Screen Shot of CBID Software Showing Bayesian Analysis Type with Expert Informative Prior

Figure 6.

Bayesian Analysis Output using Expert Informative Prior with Moderate Level of Expertise

CBID Usability

In order to determine the accessibility of CBID, we conducted software usability testing (Lewis, 1995) with a convenience sample of ten researchers (five nurse scientists, three statisticians, and one psychologist).

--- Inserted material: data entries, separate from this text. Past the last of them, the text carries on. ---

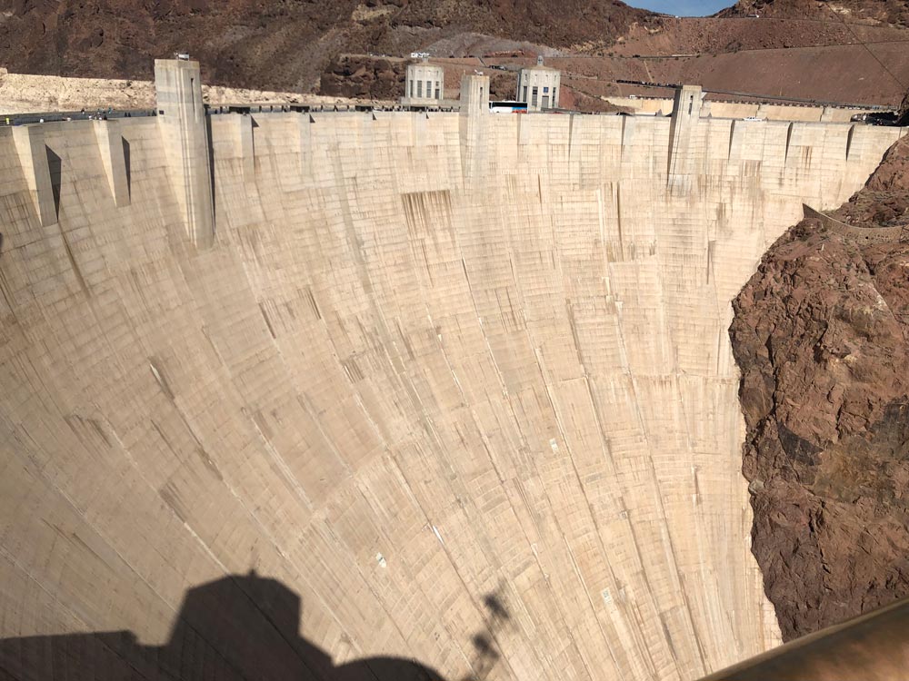 시내를 구경한 뒤에 우리는 후버댐으로 향했다. 라스베이거스에서 거리상 40분 정도 소요되는 곳에 있는 후버댐은 트랜스포머와 샌 안드레아스 등의 영화에서 도 소개됐고, 현재도 사람들이 많이 찾는 장소이기도 하다. 라스베이거스의 역사 는 후버댐에서부터 시작됐다. 서해안으로 가는 길목의 오아시스 도시로부터 시 작해 1931년 허버트 후버 미국 대통령이 후버 댐 공사를 시작하면서 본격적인 카지노와 휴식시설을 갖춘 도시의 모습을 갖추게 됐다. 후버댐은 대공황을 타개할 목적으로 계획되었고 대공황시절 가장 성공적인 토목 공사로 회자되고 있다. 911테러 이후로 경계가 강화되어 검문검색이 철저하게 이루어지고 있다.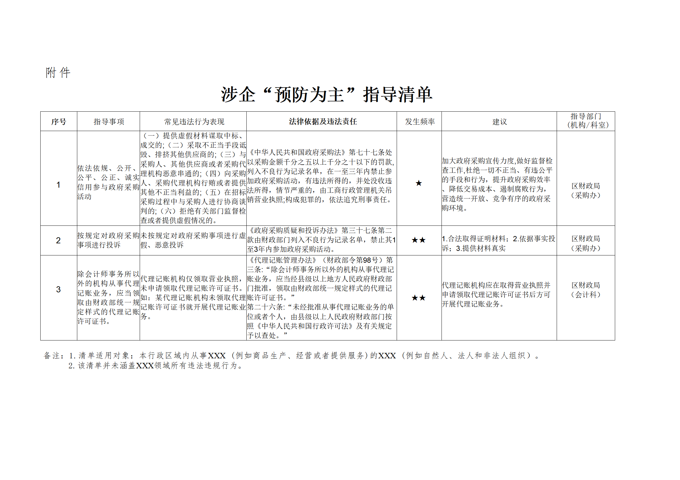 为规范财政行政执法工作,持续优化法治化营商环境,按照《开发区·铁山区关于落实“预防为主、注重服务”涉企行政执法模式的实施方案》要求,现将我局《涉企“预防为主”指导清单》印发给你们,请遵照执行。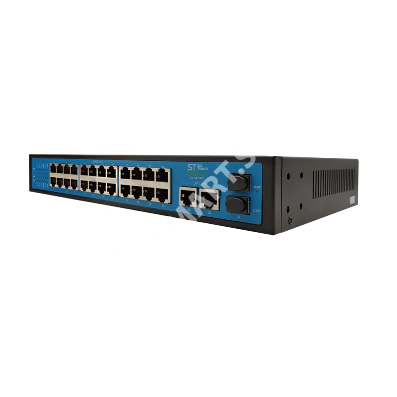 Источник питания ST-S242POE (24G/2G/2S/340W/A)PRO (версия 2), POE вариант A.Switch POE 24-х портовый для обеспечения проводных сетей напряжением 48В , защита от КЗ, AI PoE, Грозозащита, PoE порты: 24 х (10/100/1000 Мбит/с), UpLink порты: 2 х(10/100/1000 Мбит/с), SFP порты: 2 х (10/100/1000 Мбит/с), Max.пропускная сп-ть: 1000Мбит/канал (PoE порты,UpLink порты), Uвых: 48 (±10%), Р(ном) каждый порт (Вт): 14, Р(макс) каждый порт (Вт): 30, Р(сумм) общая (Вт): 340, Тип РоЕ: A, Коммутационная способность (Гбит/с): 56, AI PoE(watchdog), Система охлаждения: пассивная, Металл, Температура эксплуатации: От -45°C до +55°C, Габаритные размеры ИП: 310x182x45 мм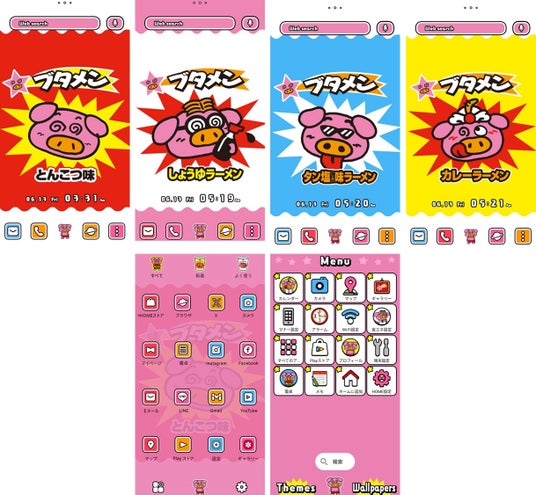 ピンクの画面が可愛らしい「ブタメン」デザインも!キブンに合わせて味を選べる「ブタメン」のように、ホーム画面も4種類。

A 19-item, software usability survey (http://garyperlman.com/quest/quest.cgi) was available for the researchers to provide feedback after using the software. User responses are collected using the Research Electronic Data Capture (REDCap) web application (Harris et al., 2009). From our convenience sample of ten, 90 % of the respondents “agreed to strongly agreed” that they were overall satisfied with the software. Respondents did not score as favorably (60%) to items about the belief that they became productive quickly using this system (item 8) or the system gave error messages that clearly told them how to fix problems (item 9).

Discussion and Conclusions

Establishing evidence for the reliability and validity of scores produced on a measurement instrument is essential for nursing research. Having the access to appropriate software is critical for carrying out relevant psychometric analyses. We have introduced a free, open source, easily-accessible application called CBID that can conduct both classical and Bayesian CFA-based construct validity analyses and provide estimates of reliability measures. CBID has advantage over the commercial software as it can report 95% credible intervals for both factor loadings and -score reliability estimates for the entire instrument.